- University: Warner University
- Association: NAIA
- Conference: The Sun (primary) Mid-South (men's volleyball)
- Athletic director: Chrissy Moskovits
- Location: Lake Wales, Florida
- First season: 1973; 53 years ago
- Varsity teams: 19 (7 men's, 9 women's, 3 co-ed)
- Football stadium: Tye Athletic Field
- Basketball arena: Turner Athletic Center
- Baseball stadium: Royals Baseball Field
- Softball stadium: Daly Field
- Soccer stadium: Royals Soccer Field
- Lacrosse stadium: Tye Athletic Field
- Nickname: Royals
- Colors: Blue and Gold
- Website: warnerroyals.com

= Warner Royals =

The Warner Royals are the athletic teams for Warner University in Lake Wales, Florida, in intercollegiate sports as a member of the National Association of Intercollegiate Athletics (NAIA), primarily competing in the Sun Conference (formerly known as the Florida Sun Conference (FSC) until after the 2007–08 school year) for most of its sports since the 1990–91 academic year; while its men's volleyball team competes in the Mid-South Conference (MSC). They are also a member of the National Christian College Athletic Association (NCCAA), primarily competing as an independent in the South Region of the Division I level.
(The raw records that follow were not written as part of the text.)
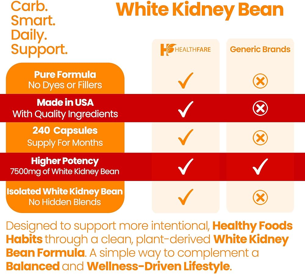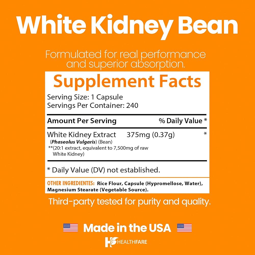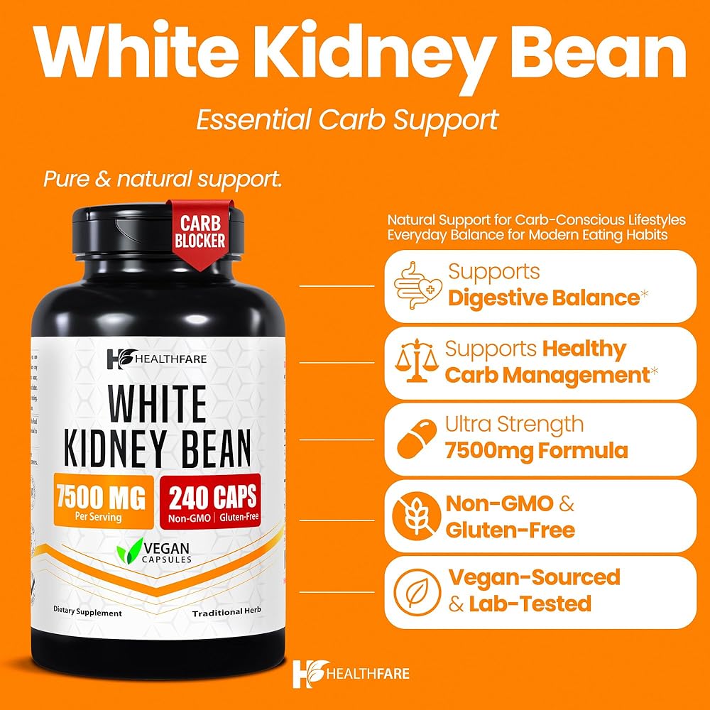 Healthfare White Kidney Bean Extract 7500mg | 240 Vegan Capsules | Extra Strength Concentrated Formula | Herbal Supplement for Carb & Digestion Support | Non-GMO, Gluten-Free | Made in USA
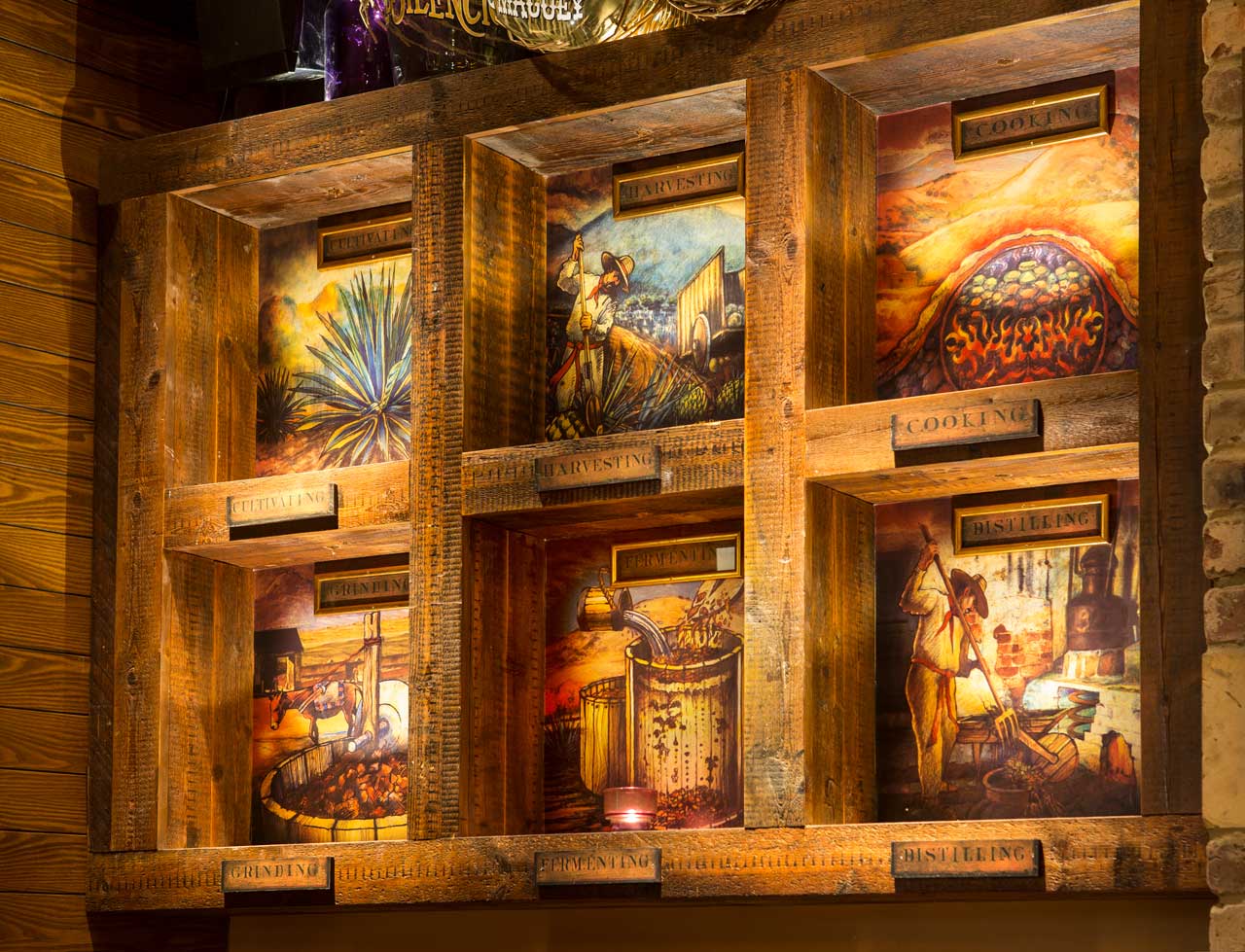 Boxed wood Mezcal wall display in situ.
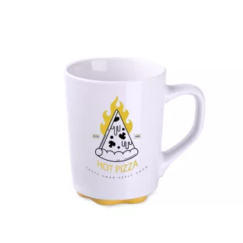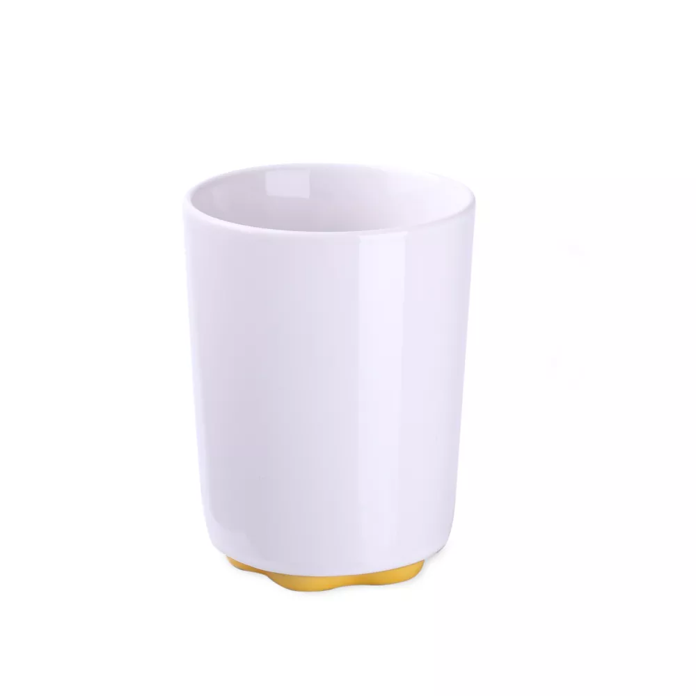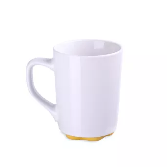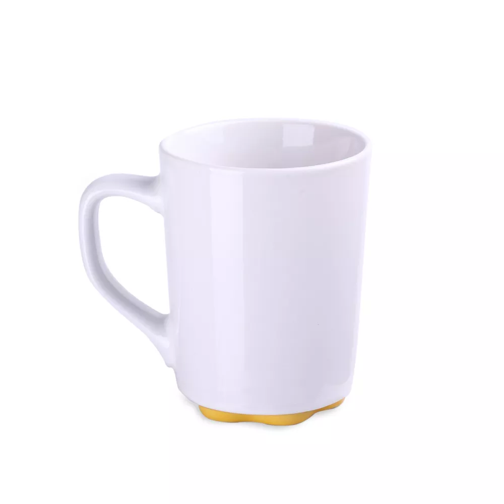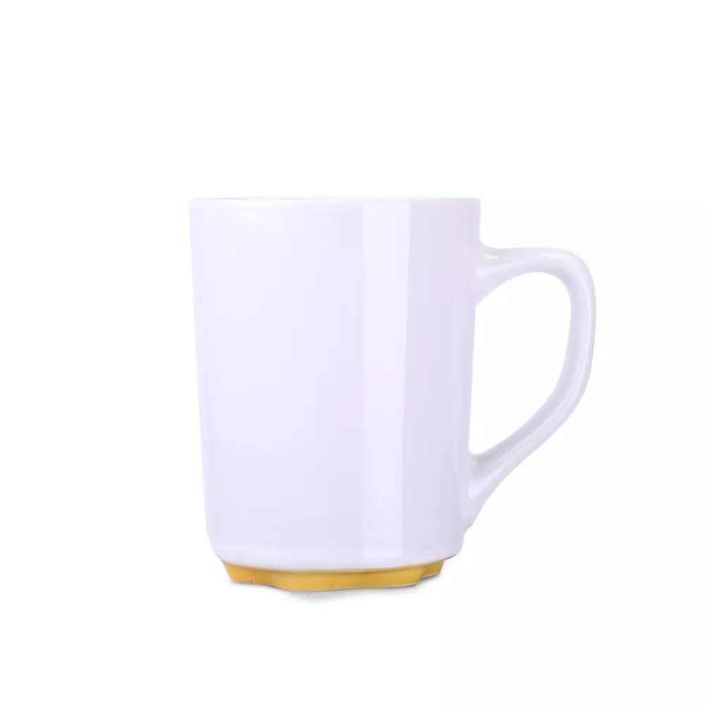 Biały kubek z oryginalnym i ciekawym spodem występującym w kilku kolorach. Proste ścianki dają duże możliwości w zakresie zdobień.
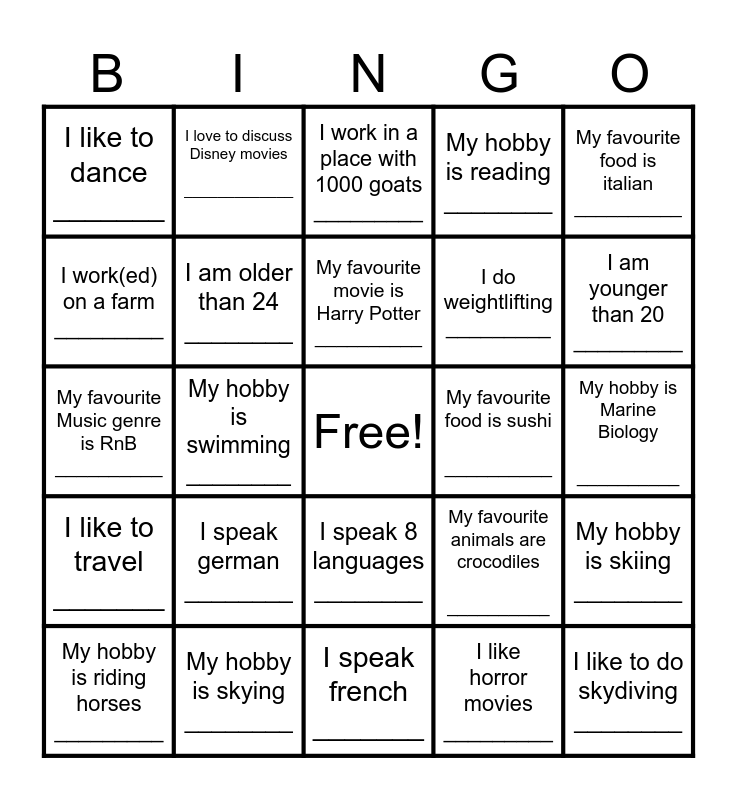 This bingo card has a free space and 24 words: I speak german ________, My hobby is skying ________, My favourite movie is Harry Potter __________, My hobby is riding horses _________, My favourite food is italian __________, I like to dance _______, I work(ed) on a farm _________, I love to discuss Disney movies _____________, My favourite food is sushi __________, I speak 8 languages ________, I do weightlifting _________, My favourite Music genre is RnB __________, My favourite animals are crocodiles __________, My hobby is skiing ________, I am older than 24 ________, I like horror movies _________, My hobby is Marine Biology __________, I work in a place with 1000 goats _________, I am younger than 20 _________, My hobby is swimming ________, I like to do skydiving ________, I like to travel _______, My hobby is reading ________ and I speak french _______.
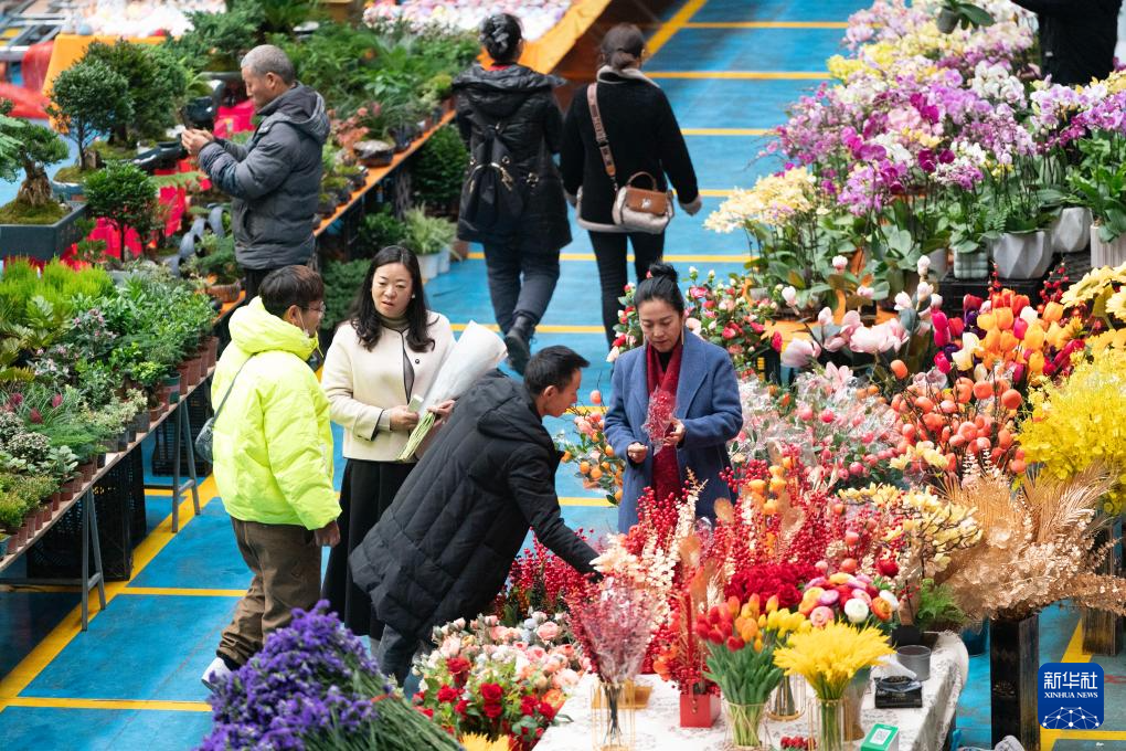 杨巧艳(右一)在斗南花卉市场挑选制作花艺作品的花材(12月26日摄)。新华社
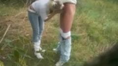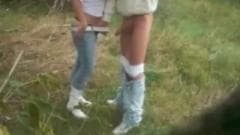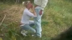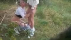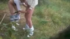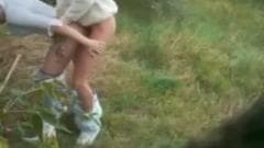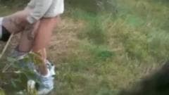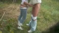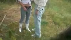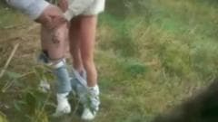 Estão num campo isolado e começam a trocar uns beijos e como estão muito excitados e como ninguém está a ver começam a fazer sexo.
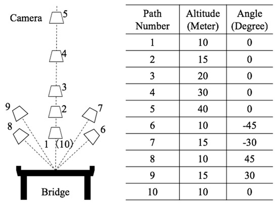 To determine the effect of the oblique angle, two flight paths were undertaken (flight path 9, Figure 8). These were conducted along each side of the bridge, with one oriented at 45° and one at 30° from the bridge deck. In both cases, the offset distance was approximately 15 m from the deck centre and thus captured different vantage points. For flight paths 1–9, the image overlapping rate was above 80%. In addition to those images, path 10 was flown along the previous path, path 1, with an overlapping rate higher than 90%. Table 2, Table 3, Table 4 and Table 5 demonstrate how each of these flight paths were used singly and in combination to create 15 distinct datasets. Dataset Groups A and B used images from single flight paths 1–9 to analyse the effect of altitude and angles. Dataset Group C used multiple flight paths to evaluate the effect of different combination strategies. Dataset Group D used images from flight path 10. Dataset D-I used all images as the input, while D-II and D-III were generated using only the second (D-II) or third (D-III) image in the acquisition sequence. Thus, three different datasets in Group D were created to check the effect of the overlapping rate with respect to image acquisition speed.
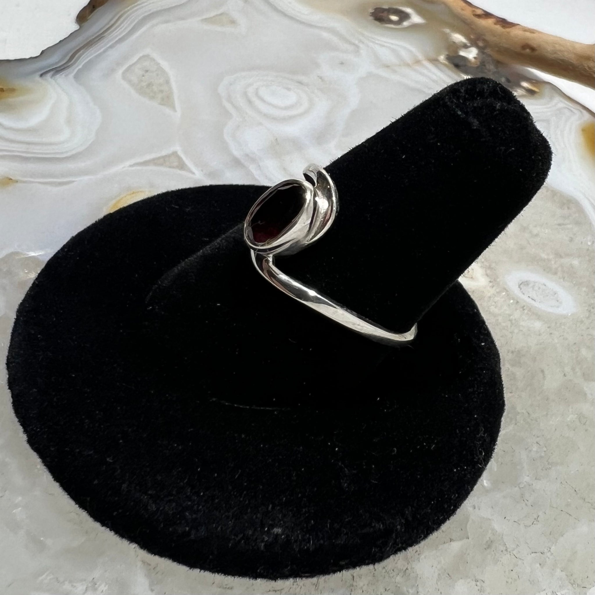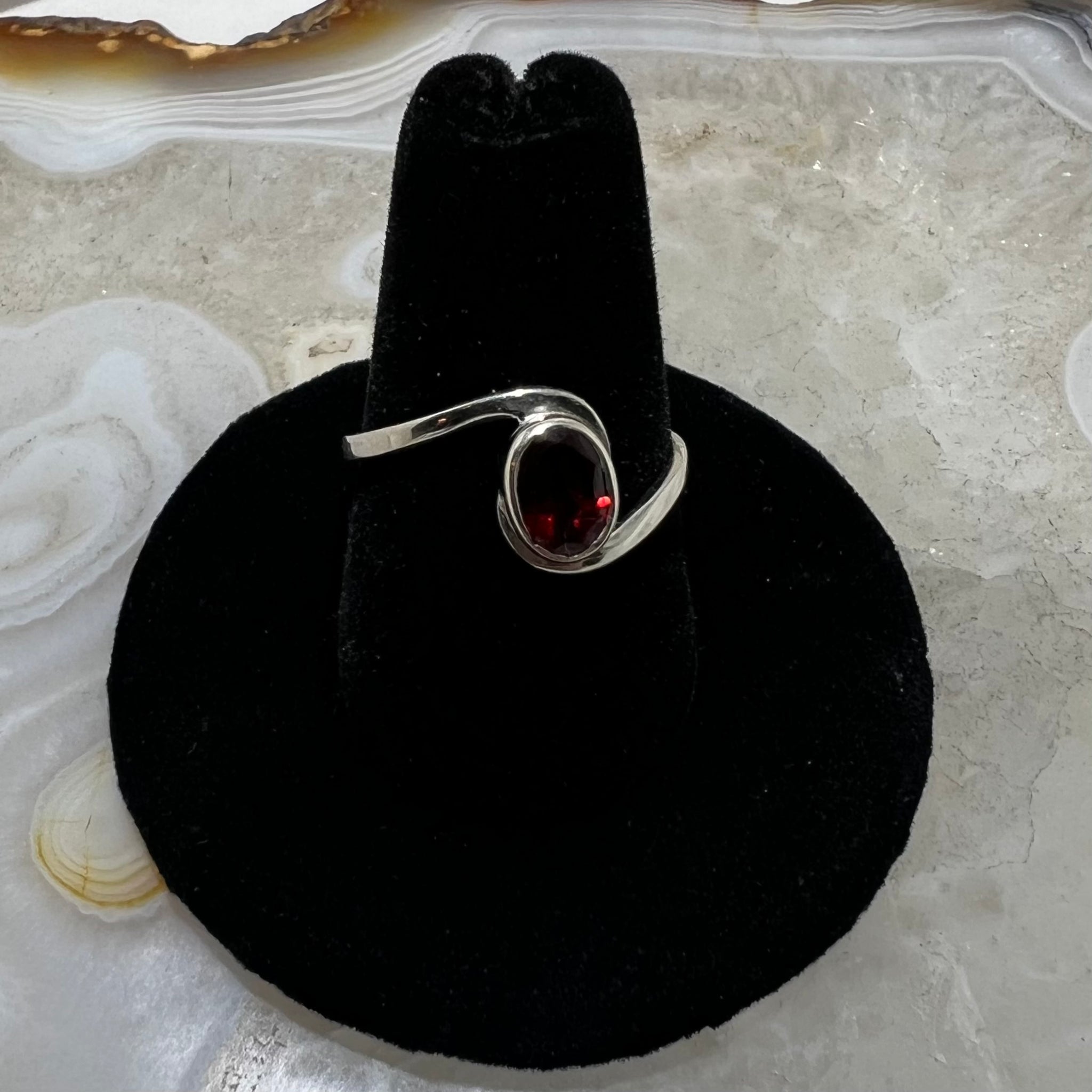 Timeless and refined, this oval faceted garnet ring is crafted in 925 sterling silver and features a classic band with a graceful wrap-style setting that curves around the top and bottom of the garnet, cradling the gem securely while adding an elegant sculptural touch.
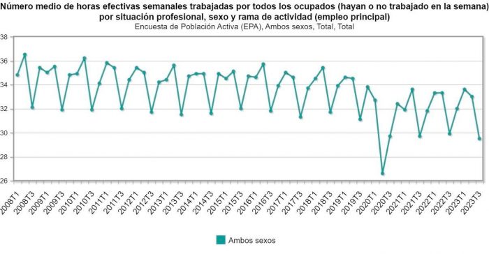 No hay más que observar que el número medio de horas por trabajador no ha dejado de disminuir desde 2008, según el Instituto Nacional de Estadística, pero sobre todo después de la pandemia:
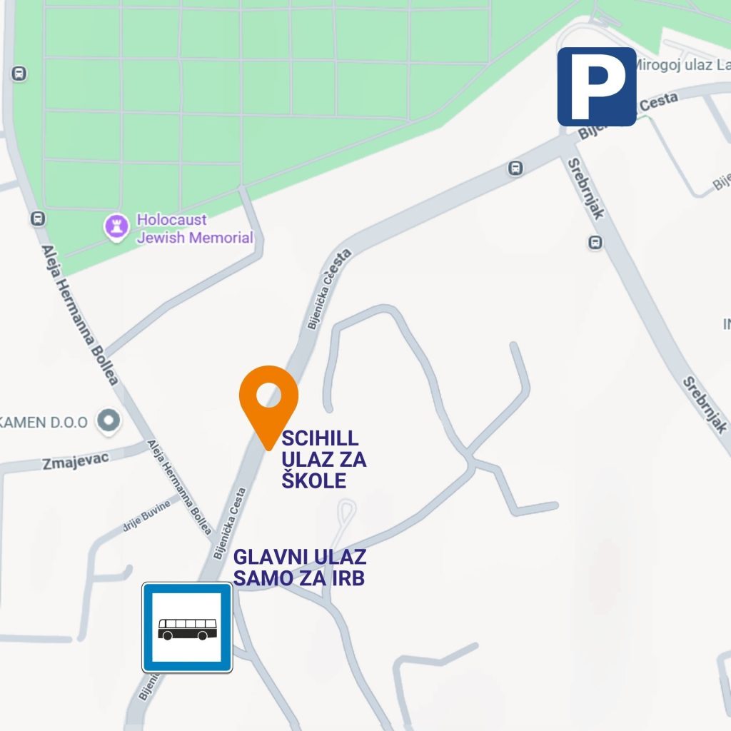 - Ako dolazite autobusom, preporučujemo iskrcavanje učenika i parkiranje autobusa na parkiralištu groblja Mirogoj, kod ulice Srebrnjak.
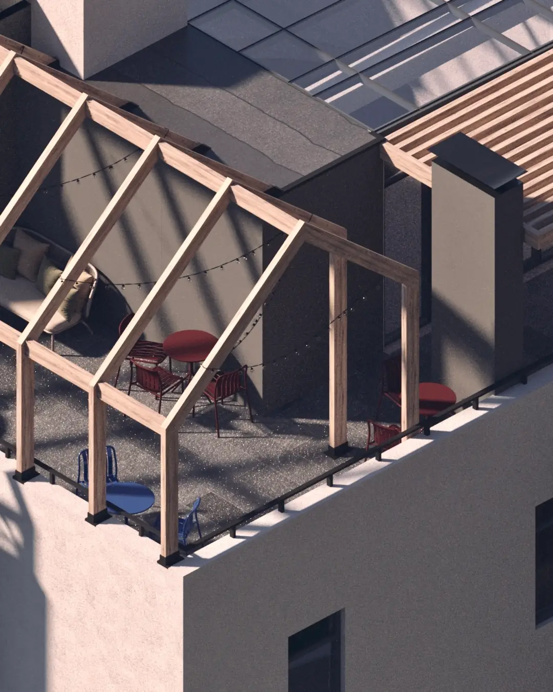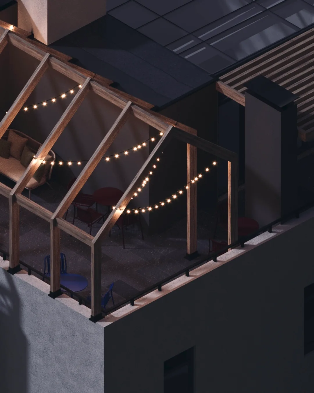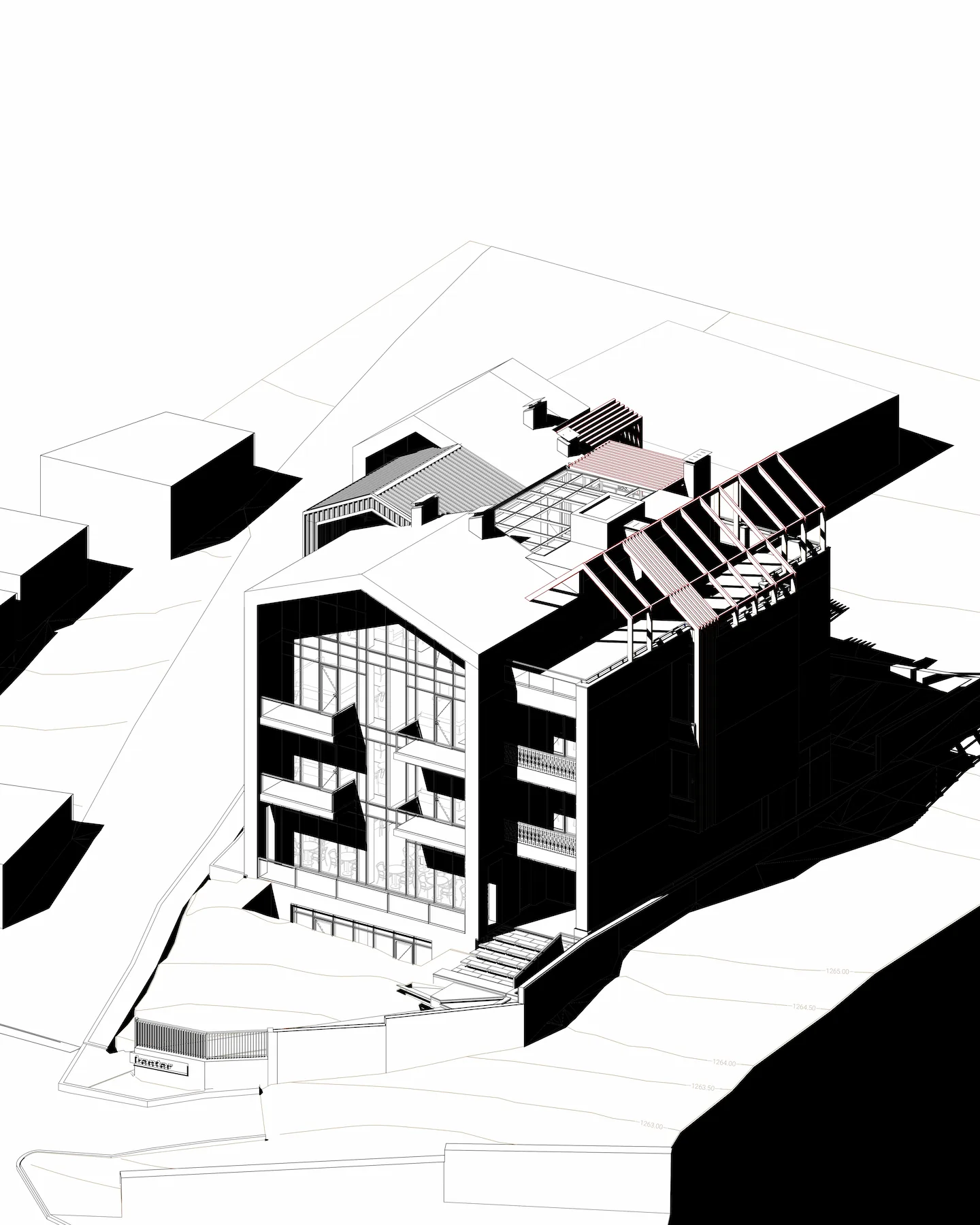 The first level is fully open to the public, structured around a central restaurant that invites both local visitors and hotel guests. Below, the sunlit ground floor is reserved for hotel guests and includes co-working areas, a shared kitchen, a flexible common room, and a compact conference space. These zones are defined not through solid separations but through material, transparency, and shifting ceiling heights — allowing for openness while maintaining spatial clarity.

Their rivals are the Webber Warriors.

== Varsity teams ==
Warner competes in 19 intercollegiate varsity sports

| Men's sports | Women's sports |
| Baseball | Basketball |
| Basketball | Beach volleyball |
| Cross country | Cross country |
| Football | Flag football |
| Soccer | Lacrosse |
| Track and field | Soccer |
| Volleyball | Softball |
|  | Track and field |
|  | Volleyball |
Co-ed sports
Clay target
eSports
Strength sports

=== Football ===
The university added football for the 2013 season. The team initially played as an NAIA Independent program with a mixed schedule of NAIA, NCAA Division II and NCAA Division I FCS competition. The Royals left independent status after the inaugural season when The Sun Conference announced football as a conference sport starting in the 2014 season. After two seasons, the conference announced a football merger with the Mid-South Conference in 2016. Warner and the other conference rivals became affiliate members in the Mid-South, participating in the Sun Division for football.
Their football team gained national recognition after losing 98–0 to Stephen F. Austin on September 24, 2022.

=== Men's volleyball ===
Warner University was the first college/university to offer a varsity men's volleyball program in the state of Florida. The men's volleyball program participates in the SEC conference. The program initially competed in the Mid-America Men's Volleyball Intercollegiate Conference (MAMVIC). The program made back-to-back appearances in the NAIA Men's Volleyball National Invitational Tournament in 2011 and 2012.